_What you need to do_
Beginning with the line that holds "Foi com este" and finishing with the line that holds "Bestelle das Foto", repeat the listing exactly, leaving every picture out.

_Task material_
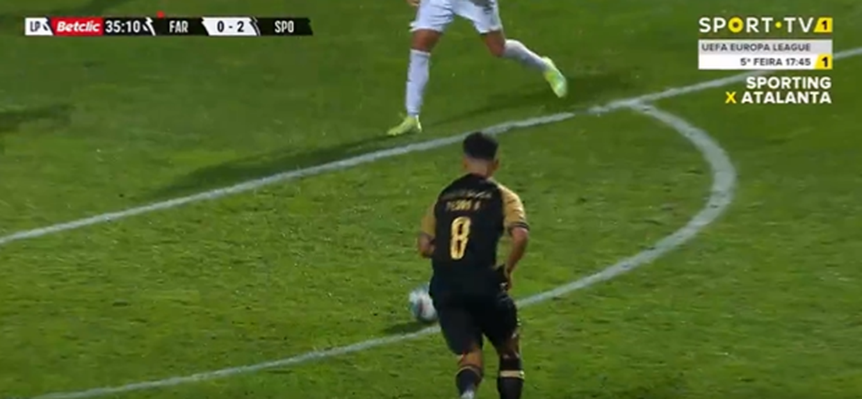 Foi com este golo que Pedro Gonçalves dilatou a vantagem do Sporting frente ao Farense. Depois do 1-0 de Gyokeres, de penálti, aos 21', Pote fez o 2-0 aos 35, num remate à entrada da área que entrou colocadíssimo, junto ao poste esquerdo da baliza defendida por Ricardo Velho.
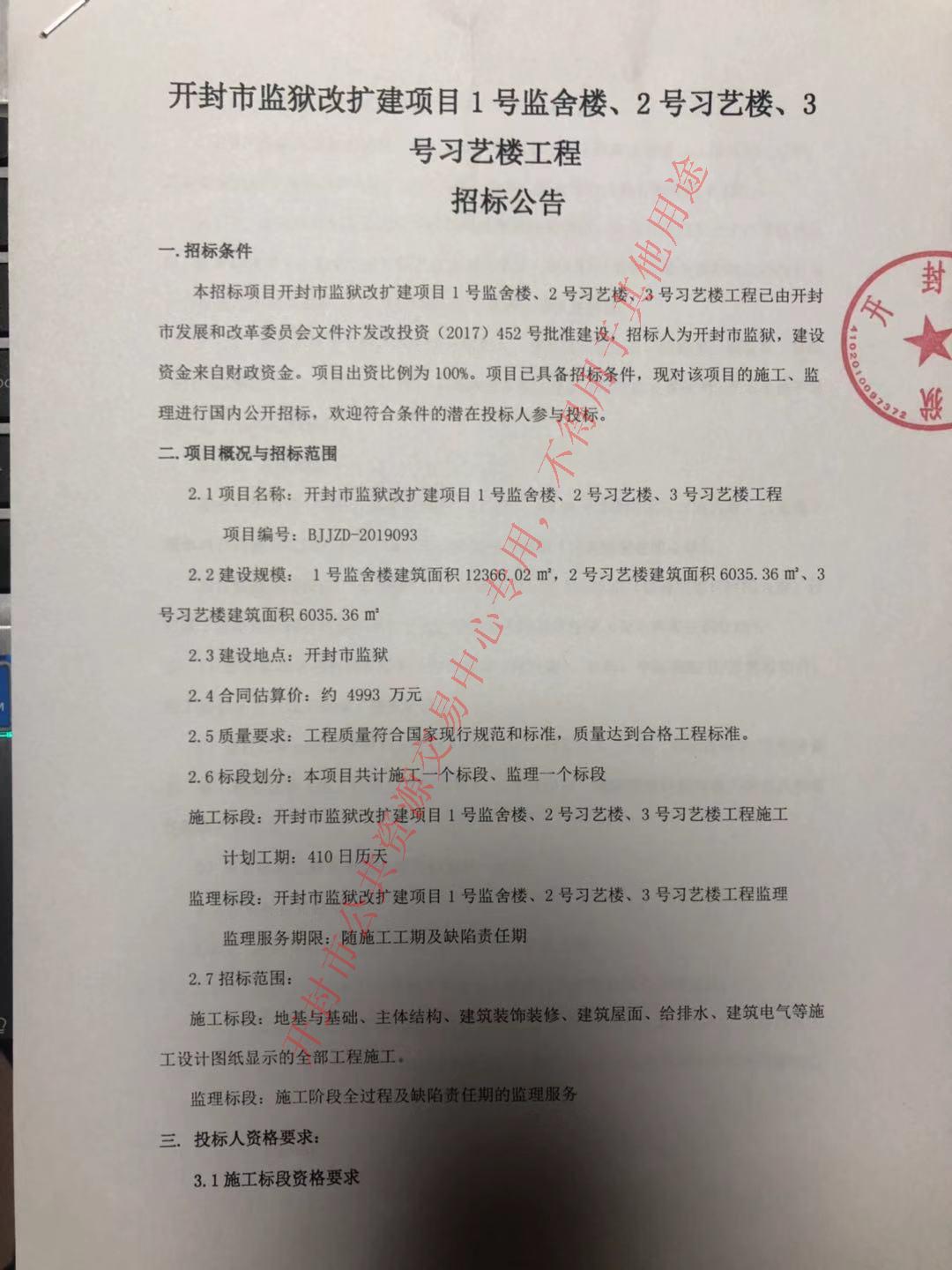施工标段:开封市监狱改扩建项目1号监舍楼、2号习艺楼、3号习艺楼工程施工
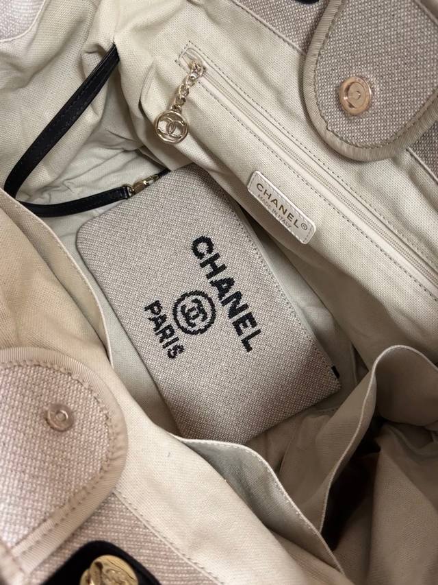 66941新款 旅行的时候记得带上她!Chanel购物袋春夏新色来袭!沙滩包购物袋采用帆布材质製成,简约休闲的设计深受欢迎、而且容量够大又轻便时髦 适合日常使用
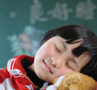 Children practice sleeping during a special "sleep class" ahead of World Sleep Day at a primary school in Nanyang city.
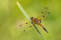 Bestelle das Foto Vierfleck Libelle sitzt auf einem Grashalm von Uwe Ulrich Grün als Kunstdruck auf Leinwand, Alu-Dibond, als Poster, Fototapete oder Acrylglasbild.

---

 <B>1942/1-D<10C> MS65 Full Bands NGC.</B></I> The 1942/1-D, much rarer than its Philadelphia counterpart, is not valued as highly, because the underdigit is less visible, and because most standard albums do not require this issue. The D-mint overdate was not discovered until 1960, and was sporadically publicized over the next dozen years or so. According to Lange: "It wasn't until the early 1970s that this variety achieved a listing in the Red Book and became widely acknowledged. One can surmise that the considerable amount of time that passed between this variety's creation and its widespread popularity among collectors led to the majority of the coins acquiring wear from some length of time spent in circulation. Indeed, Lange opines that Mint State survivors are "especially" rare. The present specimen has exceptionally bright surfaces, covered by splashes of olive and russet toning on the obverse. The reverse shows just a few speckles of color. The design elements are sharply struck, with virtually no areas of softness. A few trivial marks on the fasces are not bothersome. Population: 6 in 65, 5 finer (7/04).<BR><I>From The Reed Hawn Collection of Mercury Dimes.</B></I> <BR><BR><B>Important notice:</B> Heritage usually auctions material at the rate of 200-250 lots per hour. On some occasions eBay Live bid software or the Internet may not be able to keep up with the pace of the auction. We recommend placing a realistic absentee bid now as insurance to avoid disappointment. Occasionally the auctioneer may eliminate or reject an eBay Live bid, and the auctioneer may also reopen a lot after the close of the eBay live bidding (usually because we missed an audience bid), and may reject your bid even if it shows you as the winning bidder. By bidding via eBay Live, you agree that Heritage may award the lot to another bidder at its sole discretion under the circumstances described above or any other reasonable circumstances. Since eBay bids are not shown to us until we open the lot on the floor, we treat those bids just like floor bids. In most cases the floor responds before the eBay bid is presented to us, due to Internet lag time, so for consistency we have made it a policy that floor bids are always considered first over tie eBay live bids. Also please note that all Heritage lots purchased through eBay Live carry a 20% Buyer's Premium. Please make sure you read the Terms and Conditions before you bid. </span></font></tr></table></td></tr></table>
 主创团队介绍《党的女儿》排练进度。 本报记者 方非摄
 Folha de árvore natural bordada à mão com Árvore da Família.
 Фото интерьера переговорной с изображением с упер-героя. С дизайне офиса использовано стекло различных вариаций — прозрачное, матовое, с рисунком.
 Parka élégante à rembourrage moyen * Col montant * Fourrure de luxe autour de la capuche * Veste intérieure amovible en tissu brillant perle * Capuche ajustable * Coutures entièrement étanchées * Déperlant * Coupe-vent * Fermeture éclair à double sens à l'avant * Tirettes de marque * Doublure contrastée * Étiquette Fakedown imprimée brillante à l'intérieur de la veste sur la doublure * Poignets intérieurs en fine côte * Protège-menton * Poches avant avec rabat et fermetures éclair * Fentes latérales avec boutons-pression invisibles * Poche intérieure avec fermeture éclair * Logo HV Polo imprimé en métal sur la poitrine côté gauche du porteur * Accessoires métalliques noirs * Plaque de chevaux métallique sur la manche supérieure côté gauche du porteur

_Your solution_
 Foi com este golo que Pedro Gonçalves dilatou a vantagem do Sporting frente ao Farense. Depois do 1-0 de Gyokeres, de penálti, aos 21', Pote fez o 2-0 aos 35, num remate à entrada da área que entrou colocadíssimo, junto ao poste esquerdo da baliza defendida por Ricardo Velho.
施工标段:开封市监狱改扩建项目1号监舍楼、2号习艺楼、3号习艺楼工程施工
 66941新款 旅行的时候记得带上她!Chanel购物袋春夏新色来袭!沙滩包购物袋采用帆布材质製成,简约休闲的设计深受欢迎、而且容量够大又轻便时髦 适合日常使用
 Children practice sleeping during a special "sleep class" ahead of World Sleep Day at a primary school in Nanyang city.
 Bestelle das Foto Vierfleck Libelle sitzt auf einem Grashalm von Uwe Ulrich Grün als Kunstdruck auf Leinwand, Alu-Dibond, als Poster, Fototapete oder Acrylglasbild.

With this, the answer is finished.